Re: [PATCH 0/2] fix kernel crash with macvtap on top of LRO
From: Ben Hutchings
Date: Mon Jun 17 2013 - 12:20:35 EST
On Mon, 2013-06-17 at 11:05 +0930, Rusty Russell wrote:
> "Michael S. Tsirkin" <mst@xxxxxxxxxx> writes:
> > On Wed, Jun 12, 2013 at 03:56:36PM +0100, Ben Hutchings wrote:
> >> On Mon, 2013-06-10 at 10:07 +0300, Michael S. Tsirkin wrote:
> >> > On Thu, Feb 07, 2013 at 01:14:20PM -0500, David Miller wrote:
> >> > > From: Ben Hutchings <bhutchings@xxxxxxxxxxxxxx>
> >> > > Date: Thu, 7 Feb 2013 16:20:46 +0000
> >> > >
> >> > > > If the consensus is still that we must preserve packets exactly (aside
> >> > > > from the usual modifications by IP routers) then LRO should be disabled
> >> > > > on all devices for which forwarding is enabled.
> >> > >
> >> > > I believe this is still undoubtedly the consensus.
> >> >
> >> > With virtio we are getting packets from a linux host,
> >> > so we could thinkably preserve packets exactly
> >> > even with LRO. I am guessing other hardware could be
> >> > doing this as well.
> >> >
> >> > I am not sure what information would need to be preserved -
> >> > could someone help clarify please?
> >> Some LRO implementations may not preserve:
> >> - Packet boundaries
> >> - TSO/GSO produces packets all the same size, except possibly for the
> >> last one.

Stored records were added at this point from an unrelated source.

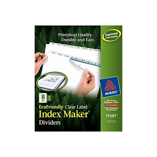 Get organized quickly and easily with avery 8 tab index maker clear label dividers with traditional colored tabs 5 sets. Whether you have a single project to create or multiple binders for a meeting or seminar these dividers help you to get it done with professional results. Big tab and extra wide selections offer greater convenience in office wide references.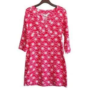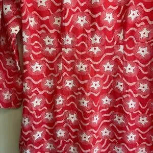Boden Linen Dress Size 6 Long red Stars Print 100% Linen Washable 4th of July
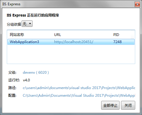 新版本的VS的IIS Express路徑好像有變化,但通過IIS Express的管理器依然可以很容易找到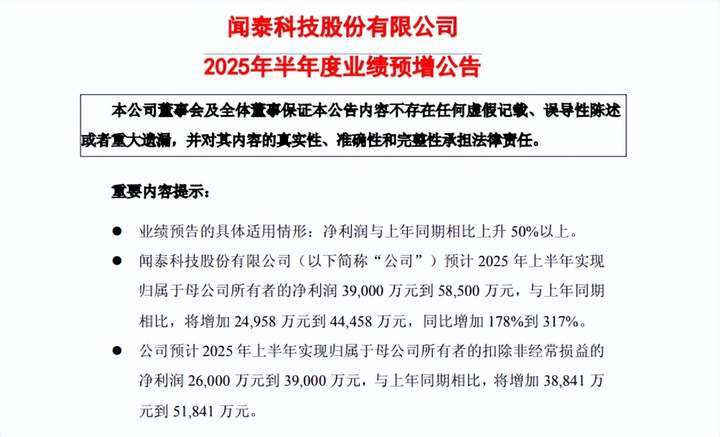 7月14日,闻泰科技发布2025年半年度业绩预告,预计2025年上半年实现归属于母公司所有者的净利润3.9亿元至5.85亿元,同比增长178%至317%。业绩增长主要得益于半导体板块市场需求回暖、降本增效策略深化及供应链优化,业务收入和毛利率均同比提升。

GRO therefore flushes a flow after merging a packet with
> >> a different segment size.
> >> - IPv4 TTL, IPv6 hop-limit, TCP timestamp
> >> - TSO/GSO will put the same values in all packets. GRO flushes a flow
> >> if they change.
> >> - IPv4 fragment ID
> >> - TSO/GSO produces consecutive fragment IDs. GRO flushes a flow
> >> if it sees a non-consecutive fragment ID.

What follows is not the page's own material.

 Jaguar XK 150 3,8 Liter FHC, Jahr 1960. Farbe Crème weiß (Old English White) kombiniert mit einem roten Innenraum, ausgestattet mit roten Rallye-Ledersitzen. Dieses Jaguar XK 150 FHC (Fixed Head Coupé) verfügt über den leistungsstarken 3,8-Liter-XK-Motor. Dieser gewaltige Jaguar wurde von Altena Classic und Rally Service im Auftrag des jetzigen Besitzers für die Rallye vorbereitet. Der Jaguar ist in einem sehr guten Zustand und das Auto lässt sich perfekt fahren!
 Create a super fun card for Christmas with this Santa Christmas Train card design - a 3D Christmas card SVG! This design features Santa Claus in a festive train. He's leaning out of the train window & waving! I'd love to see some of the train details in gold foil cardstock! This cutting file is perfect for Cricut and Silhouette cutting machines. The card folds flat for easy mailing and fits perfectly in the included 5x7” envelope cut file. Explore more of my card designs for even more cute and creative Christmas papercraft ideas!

> >> - MAC header, IPv4 TOS, IPv6 traffic class
> >> - Should be the same for all packets in a flow. GRO actually checks
> >> and flushes a flow if they change.
> >> Ben.
> > Thanks!
> > Okay so since LRO in virtio is actually running on top
> > of GRO/TSO in linux, looks like the only things worth preserving
> > that we don't preserve at the moment are the packet
> > boundaries, for which it's enough to report
> > the first segment size to guest - we have the total length,
> > from that we can calculate the last segment size.

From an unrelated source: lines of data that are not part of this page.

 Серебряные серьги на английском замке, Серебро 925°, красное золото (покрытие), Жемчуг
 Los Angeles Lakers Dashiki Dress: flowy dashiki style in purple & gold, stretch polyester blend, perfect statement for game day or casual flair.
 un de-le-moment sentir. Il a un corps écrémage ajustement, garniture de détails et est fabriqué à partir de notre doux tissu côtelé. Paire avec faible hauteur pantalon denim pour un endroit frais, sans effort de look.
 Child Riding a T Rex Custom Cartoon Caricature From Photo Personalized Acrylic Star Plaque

> Isn't this reflected in virtio_net_hdr->gso_size?
> But the bigger point here is that we shouldn't be feeding guests LRO
> packets which don't meet the stricter GRO requirements, as we don't know
> what the guest is doing with them. It might be forwarding them itself.
> I thought LRO was deprecated and GRO was the new hotness, but I haven't
> been following. Do we still care about LRO?
The old software LRO implementation, inet_lro, is deprecated in favour
of GRO and is now only used by one or two drivers. Hardware/firmware
implementations of LRO are still in use and not deprecated, but we try
to disable them on devices for which forwarding is enabled because of
this information loss.
The problem I was talking about is this: you can put macvlan on top of a
device that has LRO enabled, and then if the macvtap/macvlan device is
used for forwarding the output packets might not look the same as those
originally received. So LRO should be disabled on the underlying device
whenever forwarding is enabled on the macvtap/macvlan device; however we
can't necessarily tell when that happens as the forwarding might be done
inside a VM. Maybe this is just too obscure a use case to worry much
about getting it right automatically.
Ben Hutchings, Staff Engineer, Solarflare
Not speaking for my employer; that's the marketing department's job.
They asked us to note that Solarflare product names are trademarked.